Koudelka did a double take. The stranger was, in fact, Julia, who'd been his receptionist for eleven years, and had now been retired for six. "Julia!" Koudelka said, smiling wide.

All required hugging and laughing between old friends after a long separation was done right there in the aisle in front of the cilantro. Julia was in town for a funeral, it turned out. Someone Koudelka had never met, but one of Julia's dearest friends.

"I'm so sorry to hear that," said Koudelka earnestly.

"I know, I know. And it wasn't a surprise -- she was sick for a long time. It just... is very hard." The beginnings of tears welled up at the corner of her eyes, but she blinked them away.

Koudelka squeezed her hand. "Oh, Julia."

Julia squeezed back. "Of course, you know how bad it can be, better than most people, I think." She'd been a good friend to him in the aftermath of Renée's death.

"It's just that there's some family squabbling involved here, and people can be so cruel," Julia continued. "Especially when someone is hurting. There's a kind of person that can sense it, and want to cause more pain." She sighed, and absently stared at the items in her cart. "I didn't tell you this at the time, but someone called the office pretending to be your wife."

Koudelka started. Of all the things he had expected Julia to say. "What? When?"

"About a year after she died. You were in a meeting and there was a call from an unknown number. When I picked up, a woman claiming to be your wife asked for you. Whoever it was had done their homework -- she sounded so much like Renée." Julia's gaze voice trailed off, then, "So cruel," she repeated.

Koudelka said nothing.

Julia seemed to come back to herself, and her eyes flicked over to Koudelka's face. "I'm sorry," she said, with half a watery laugh, "it was the damn funeral. I can hardly keep ahold of myself today."

Koudelka said his goodbyes -- and his mind started ticking.

\-----

He'd gotten out of investigative reporting years ago. Koudelka no longer had the energy, or the interest, to pursue stories to their bitter end. So many of his old plans and desires had been doused like a fire when Renée had died, and his passion for reporting had been one of them.

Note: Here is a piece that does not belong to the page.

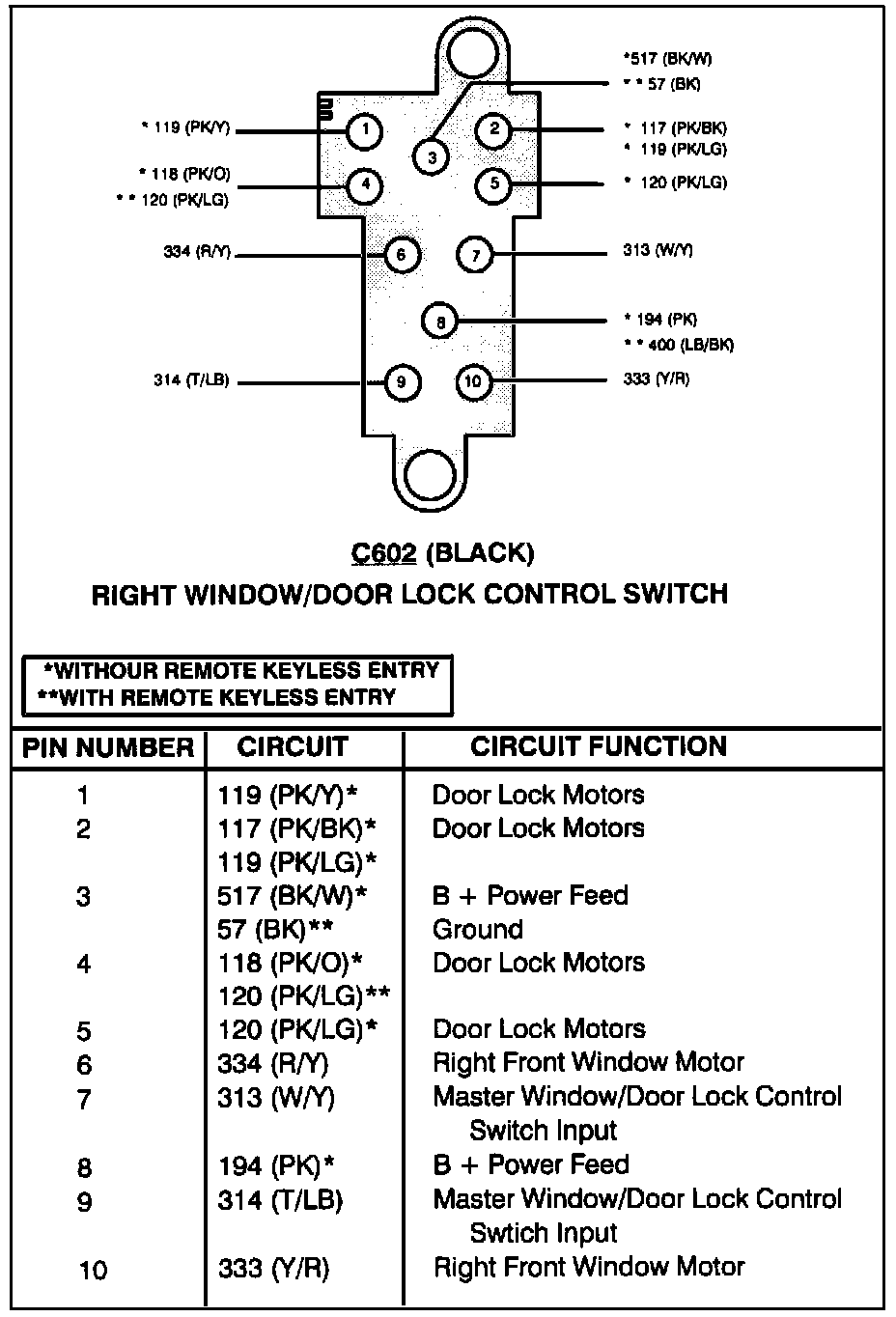 Right Window/Door Lock Control Switch:

He'd moved more heavily into the policy side of political reporting. Most of his time was spent breaking down the finer points of legislation pending in the House and the Senate for political publications. It was steady work -- important, and interesting in its own way. But no longer was he chasing stories across international borders, or through the twisted mazes in the hearts of powerful men.

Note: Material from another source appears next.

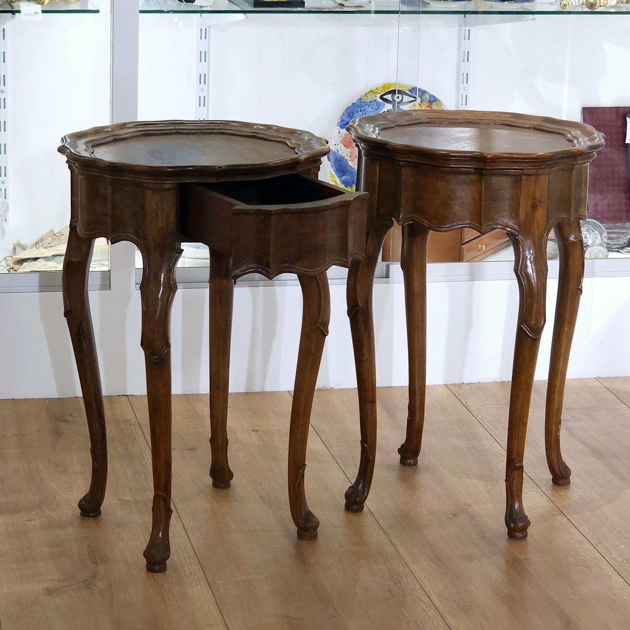 Par träbord med låda.

But he could feel all those old investigative muscles at work again now. Creaky and weak, but they were there.

As silly as it was, Lois Lane had been his inspiration growing up. She was the impetus for his early interest in investigative reporting. Despite her fictional status, and despite all the comic book goofiness, he'd seen her as sort of a platonic ideal for all reporters, and one he'd quietly always wanted to emulate.

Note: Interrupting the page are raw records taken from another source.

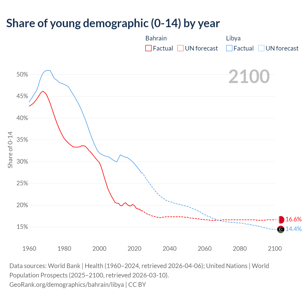 Median age Bahrain vs Libya, 1960-2100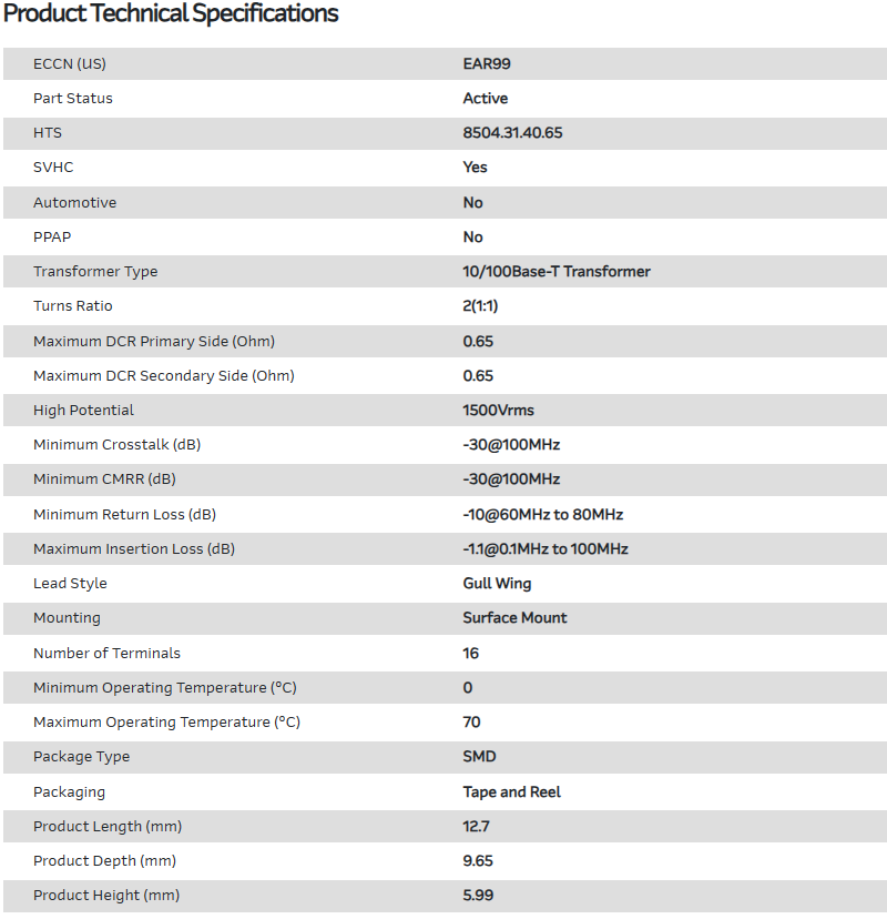 Telecom Transformer 2(1:1) 0.65Ohm Prim. DCR 0.65Ohm Sec. DCR 16 Terminal Gull Wing SMD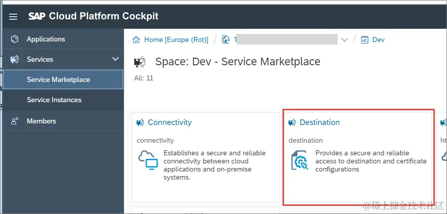 在SAP云平台CloudFoundry环境里创建一个Destination服务实例:

He'd told that to Renée one night a couple years after they'd gotten married. They'd been in bed, curled together after a particularly good day in the comforting dark of their room, and their sleepy conversation had meandered and flowed.

 _Does that make me Superman, then?_ she'd asked, the shadows hiding most of her face.

 _Of course,_ he'd said. _Who else but Superman could spend as much time in the sky as you?_

Koudelka shook off the memory. He didn't need this right now. He'd remarried, and was a different man now. He loved Beatriz, and Beatriz loved him. Whatever he was about to embark on, he did it for justice -- not some misguided attempt to bring Renée back.

The house was empty when he got home, thankfully. In his home office, he took down a box he hadn't opened in a good long while. There was a stack of papers inside and a small pile of flash drives. Business cards, post-it notes, and scraps of paper containing phone numbers and email addresses were tucked into a bulging envelope.

Koudelka took out his phone. The last time he'd made these same calls, he'd been both too emotional and too numb. His fingers had shook on the screen while everything felt dead inside. Now there was a steadiness in him brought on by both age and time.

After fifteen years, It was time to reopen the investigation into the death of Renée Minkowski.

\----

His first attempt was a complete failure. You would think that it would be easier to dig up the history of an ordinary human man than a top-secret, incorporeal, sentient supercomputer, but Dr. Hilbert was proving that hypothesis completely false.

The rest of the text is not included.